In doing so, the scientists discovered brand-new information about the sardine fishery collapse in the 1950s that ravaged Monterey’s Cannery Row, whose once-thriving canneries and vibrant individuals influenced John Steinbeck’s books Cannery Row and Sweet Thursday. The scientists found proof that in the years leading up to the fishery’s collapse, upwelling in Monterey Bay was reducing– likely due to climatic oscillations. This, combined with overfishing and other factors, they state, triggered Monterey’s sardine stock to crash.

Understanding how changes in upwelling affected fisheries of the past could improve the way fish stocks are handled today states Kyle Van Houtan, primary scientist at the Monterey Bay Fish tank and coauthor of the research study.

“Some species are like a thermometer and reflect what’s taking place in the ocean in their populations. Other types are more durable to environmental forces. The more we understand these relationships, the better we can forecast what the future may entail,” Van Houtan states.

The sort of data that will assist us to much better understand these relationships, Van Houtan states, is all around us– concealing in the tissues of algae, the plumes of birds, and the shells of sea turtles, simply waiting on us to discover it.

Researchers from Japan’s Hokkaido University, for example, recently figured out the density of herring populations off the coast of Hokkaido during the late 19th century by analyzing the chemical composition of century-old algal herbaria.

Using recently established techniques of extracting data from algal pressings, such as isotope analysis and DNA sequencing, scientists have had the ability to determine the effects of anthropogenic toxins on seaside environments, file modifications in marine neighborhood structure, and develop evolutionary trees for a wide range of algal types.

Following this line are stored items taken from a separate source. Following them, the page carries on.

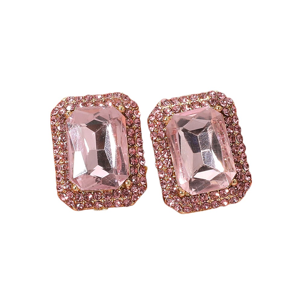 Details • Size : 0.7" X 0.75" • Post Back • Make a statement with these iridescent rectangular stud earrings. Framed with sparkling rhinestones, they’re the perfect accessory for adding refined glamour to any outfit, from formal events to everyday chic. • Lead and Nickel Compliant
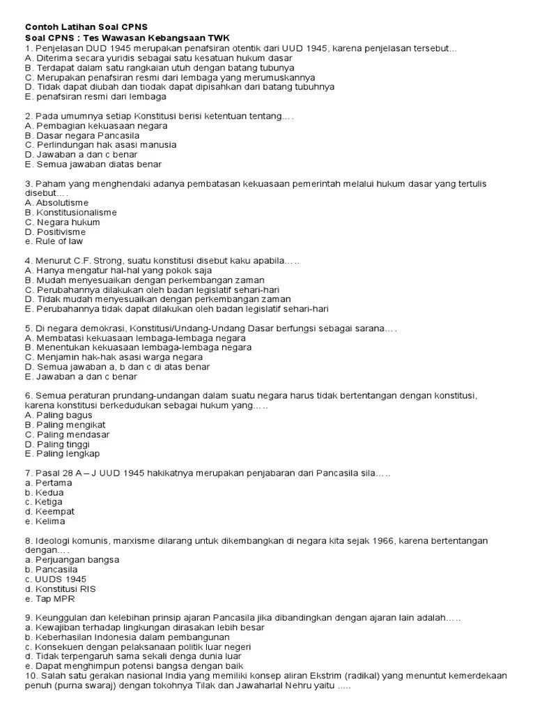 Latihan soal tes cpns soal cpns pancasila + pembahasan 1. Peserta cpns 2019 lebih banyak disuruh menentukan sebuah kasus . Adalah wujud pengamalan pancasila, yaitu sila. Batang tubuh uud 1945 d. Secara yuridis, pancasila terletak di dalam a.
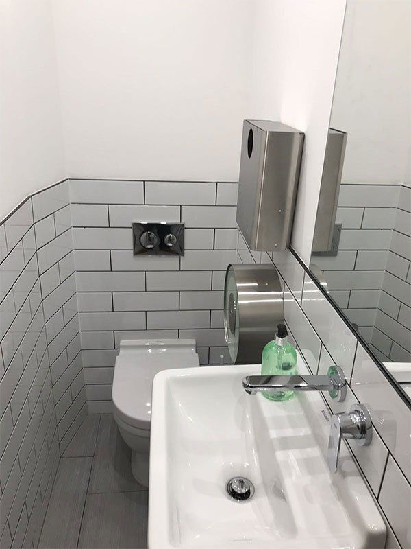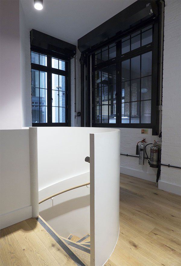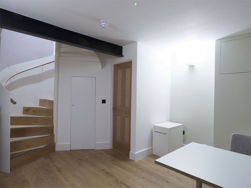 RELM Interiors completed a full renovation on this interesting, contemporary office space. The photos at the beginning of the album show a wall being built in order to provide a small space for a new office toilet. A bespoke, neat and useful kitchenette was also made to measure by RELM. The measurements had to be adjusted in order to allow for cupboards and a dishwasher - which opened to the left of the kitchen as opposed to directly away from the surfaces - whilst still having the necessary space for workers to use. The result is a trendy, modern kitchen with interesting features such as a circular staircase and fashionable yet traditional tiling on the kitchenette.
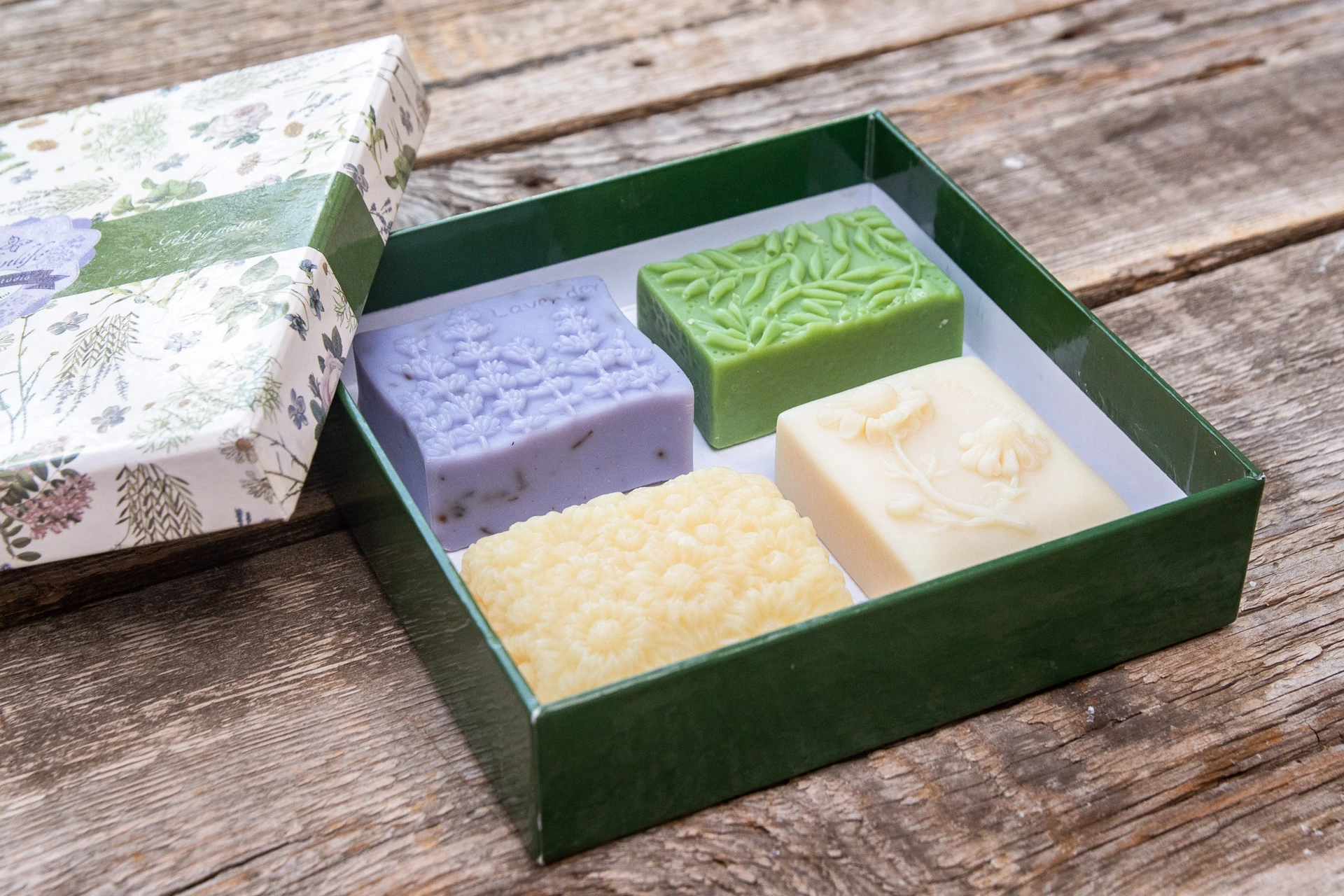 levendula szappan 90 gr rozmaring sz. 70 gr körömvirág sz. 80 gr, kamilla szappan 80 gr. díszdobozban

“Old herbaria are more relevant now than ever,” states Suzanne Fredericq, a teacher of biology at the University of Louisiana at Lafayette. “Old historical collections can tell us so much about the future,” Fredericq says.

Despite this, numerous algal herbarium collections are underused and underfunded. Preserving such collections, Miller states, is crucial to enhancing our understanding of the past, present, and future of our oceans. “There are a lot of other research questions that people could be utilizing these collections to respond to.”

If you want to help answer these concerns, or are just trying to find a brand-new imaginative outlet, Miller suggests using up algae pushing.

“It’s actually fun and simple to do,” Miller states. All you need to begin is some cardboard, a couple of sheets of herbarium paper, a stack of heavy books, and an open mind.

“It’s like pushing flowers, simply a little wetter.”

This short article is from Hakai Publication, an online publication about science and society in seaside ecosystems. Find out more stories like this at hakaimagazine.com.